删除数组bash中的元素

Question

im trying to delete two elements at same time in my array in bash script my code is

elegidos = (1 2 3 4 5 6 7)
i=0
j=${#elegidos[@]}
delete=($i $j)
while [ $i -le $j ]; do
        #elegidosmenosdos=${elegidos[@]/$i:$j}
        echo ${elegidos[@]/$delete}
        delete=($i $j)
        let "i++"
        let "j--"

done

the output that i have is

1 2 3 4 5 6 7

1 2 3 4 5 6 7

2 3 4 5 6 7

1 3 4 5 6 7

and i need 21 different combinations with five elements using seven numbers output example

1 2 3 4 5

2 3 4 5 6

7 6 5 4 3 . . . . .(21 MORE)

Answer 1

Well, it took a minute to suss out that you were simply wanting to do an end-to-middle delete of two-elements at a time working from the ends of the array, deleting the end nodes at the same time, increment/decrement your counters and repeat until you reached the middle. Why you want to do it this way is a bit of a mystery. You can, of course, simply unset elegidos and unset all values at once. However, if you want to work in from both ends -- that fine too if you have a purpose for it.

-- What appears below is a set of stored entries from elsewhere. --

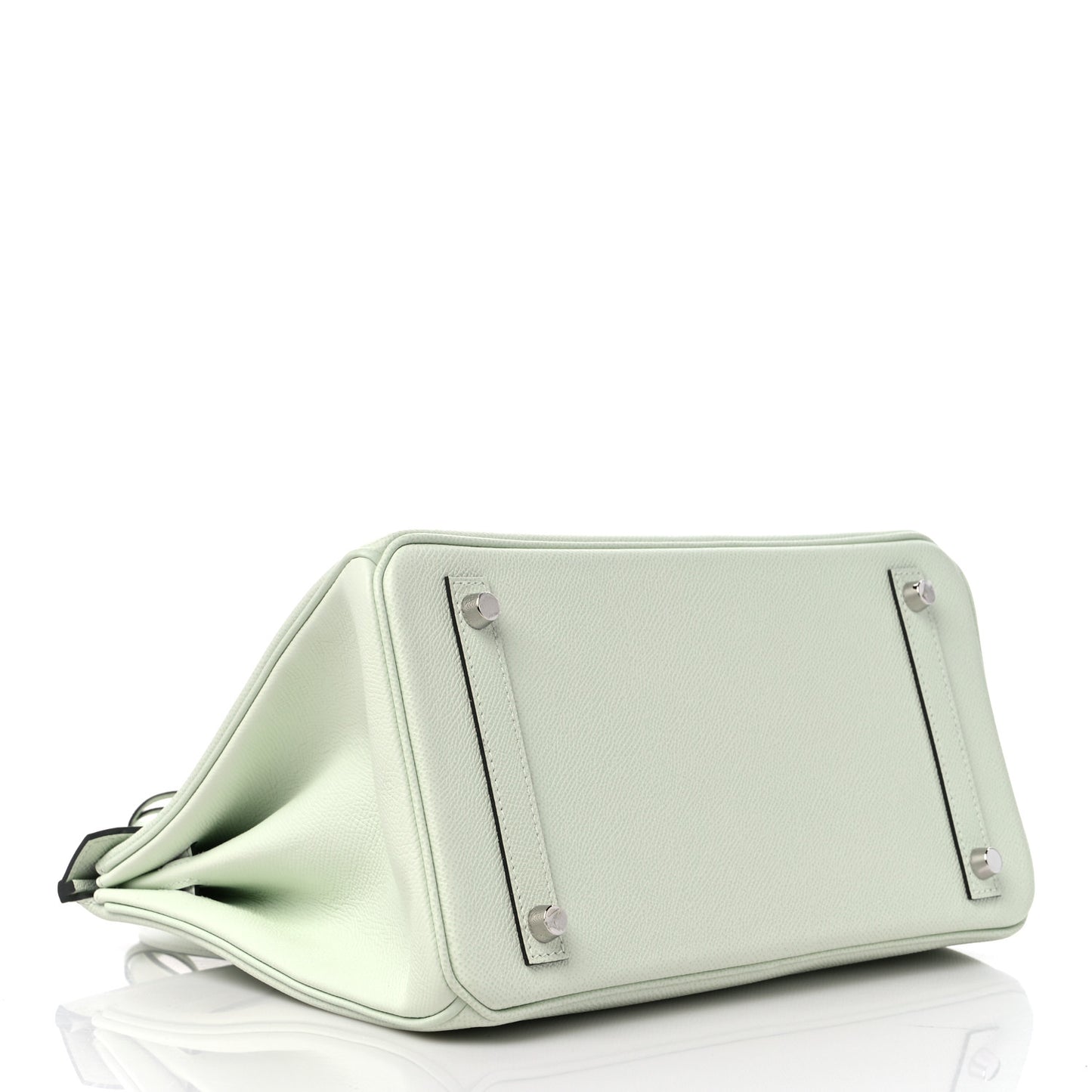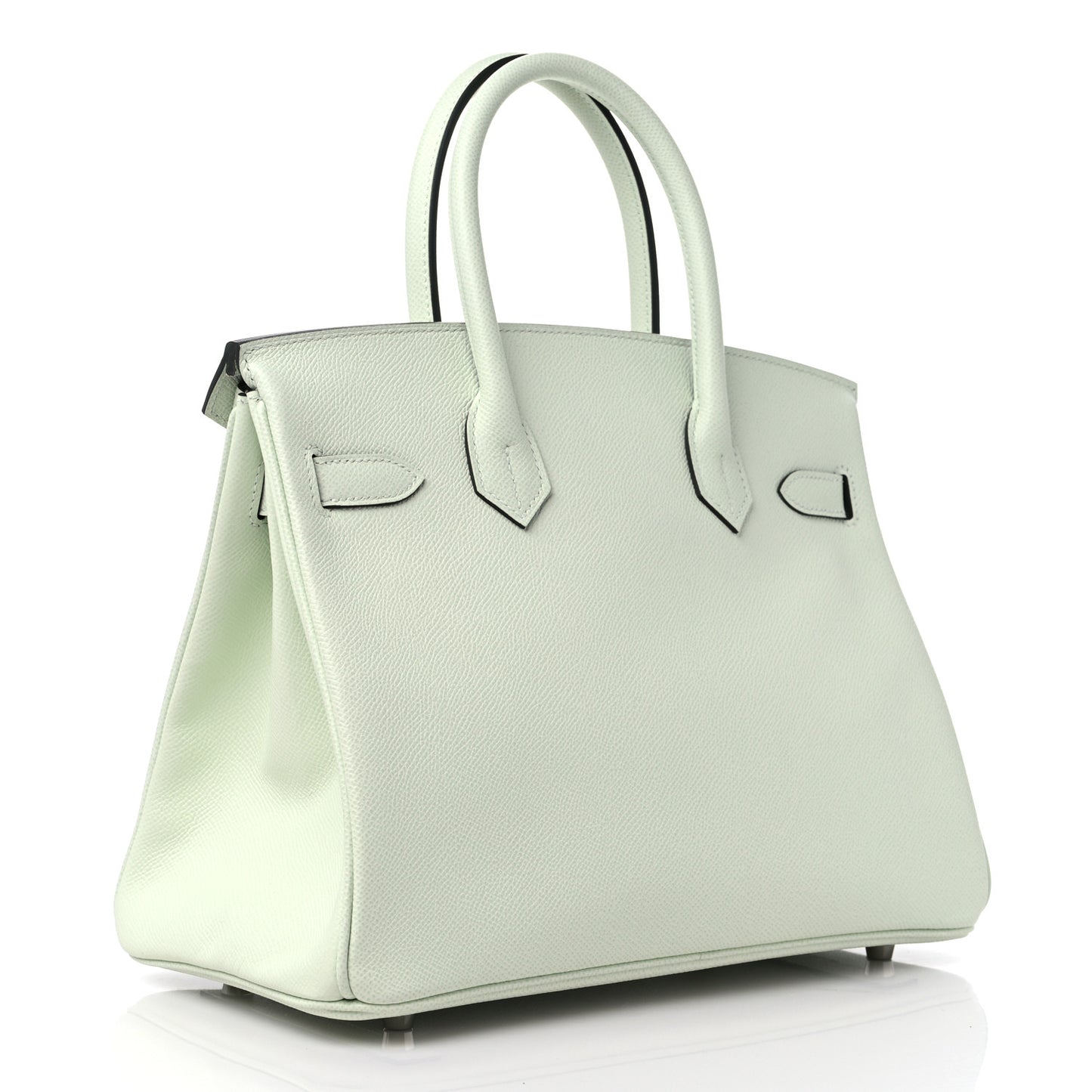 This is an authentic HERMES Epsom Birkin 30 in Gris Neve. This classic handbag is crafted of textured leather in light green. It features rolled leather top handles, a flap with strap closure, and silver plated hardware. The flap opens to a matching leather interior with zipper and pockets.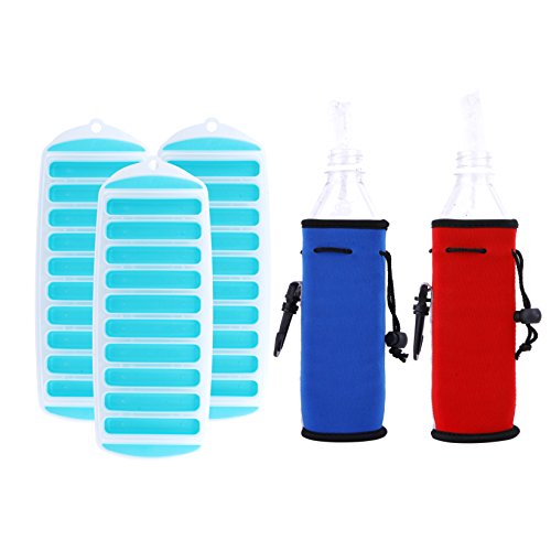 Bella Amazing- Ice Stick Tray and Water Bottle Insulator Sleeve Set. Pack of 5. Includes Set of 3 Long Ice Cylinder Molds and 2 Neoprene Sleeves. Great Value Bundle for your Thin Ice Cube Tubes. Sili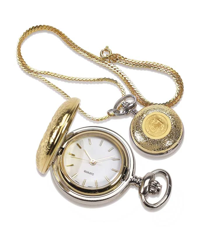 Gold-plated case & 24 inch chain, 1 inch in diameter case, quartz movement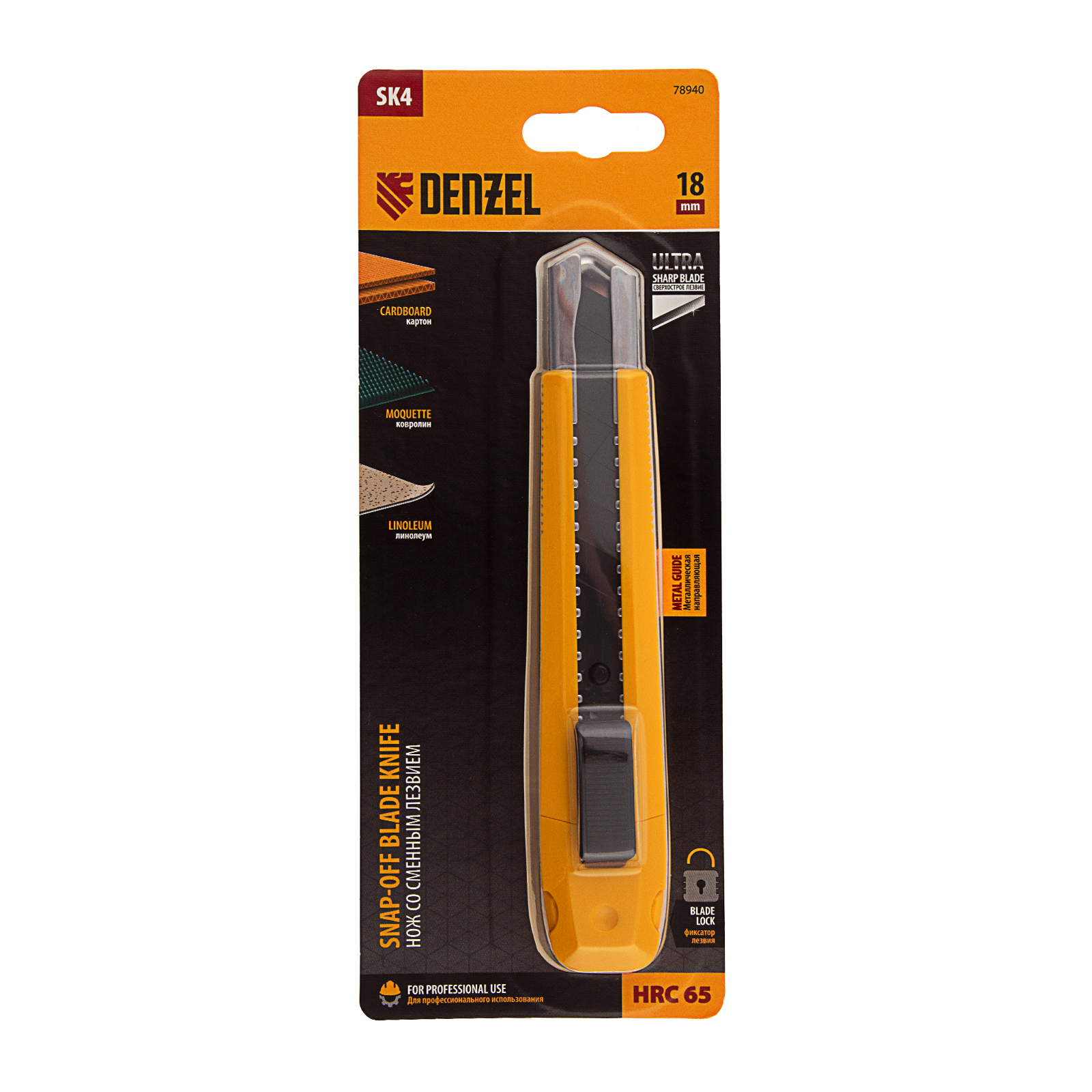 Нож, 18 мм, сменное лезвие, SK4, метал. направляющая, клипса, нажимной фиксатор Denzel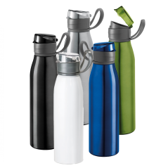 Botella fabricada en aluminio con tapa de AS y asa para facilitar el transporte. Capacidad de hasta 650 ml. ø66 x 250 mm.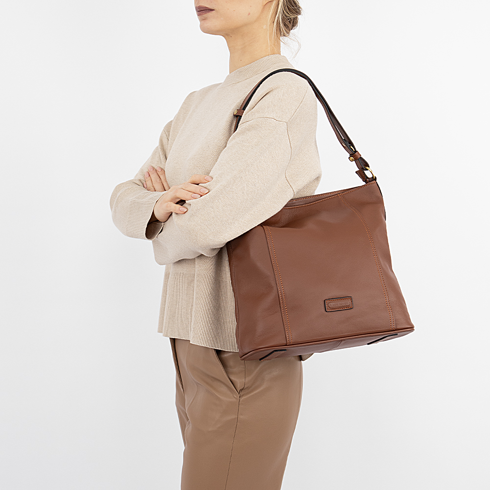 Сумка от торговой марки Francesco Molinary из натуральной кожи коричневого цвета. Модель с регулируемой съемной ручкой-ремнем. Отделение на молнии. Внутри: фирменная подкладка, средник и карман на молнии, два накладных кармана. На задней стороне – карман на молнии. На дне имеются кожаные нашивки для защиты от износа.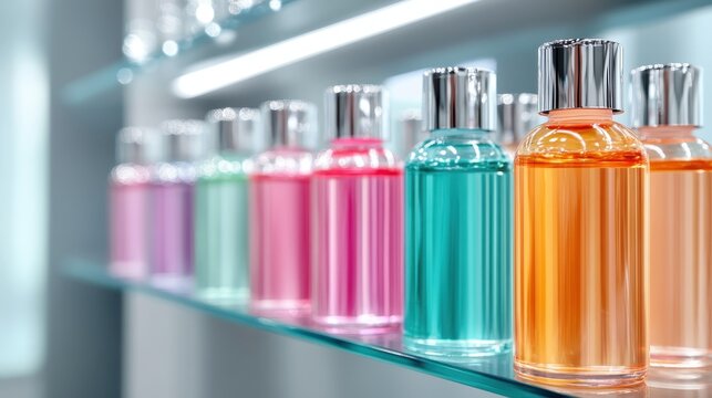 A display of colorful perfume bottles on a sleek glass shelf, showcasing elegance and luxury in fragrance choices, appealing to the senses and aesthetic desires.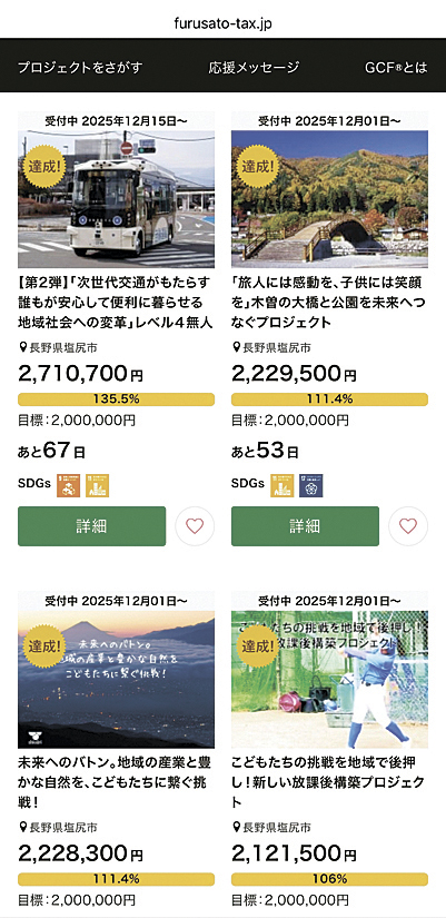 塩尻市は、インターネットで事業資金を調達する、クラウドファンディング(CF)型ふるさと納税を積極的に活用している。現在受け付け中の5件を含め本年度はこれまでに14件の事業で実施した。目標金額は「達成」「未達成」とそれぞれだが、不特定多数の人と接点をつくるという意味で、市は取り組みPRの手法や財源確保の手段として有効だと考えている。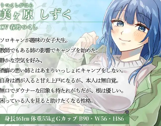 この作品はダウナー作品で、ソロキャンプに来ていた女性とイチャイチャしちゃう、

You have several problems in your script. In bash, all arrays are zero indexed . Your array has 7-elements, so the valid indexes are 0-6 . Therefore, you j was wrong to begin with. You needed to subtract 1 from the number of elements to get the index for the end-element, eg

i=0
j=$((${#elegidos[@]} - 1))

bash provides a C-style loop that can greatly simplify your task. While you are free to use a while a C-style loop can handle the index increment and decrement seamlessly, eg

for ((; i <= j; i++, j--)); do

note the i <= j . If you have an odd-number of elements in the array, on your last iteration, you will simply be deleting one-value instead of two. To handle that condition you need a simple test within the loop to check whether [ "$i" = "$j" ] (or using the arithmetic comparison (( i == j )) ).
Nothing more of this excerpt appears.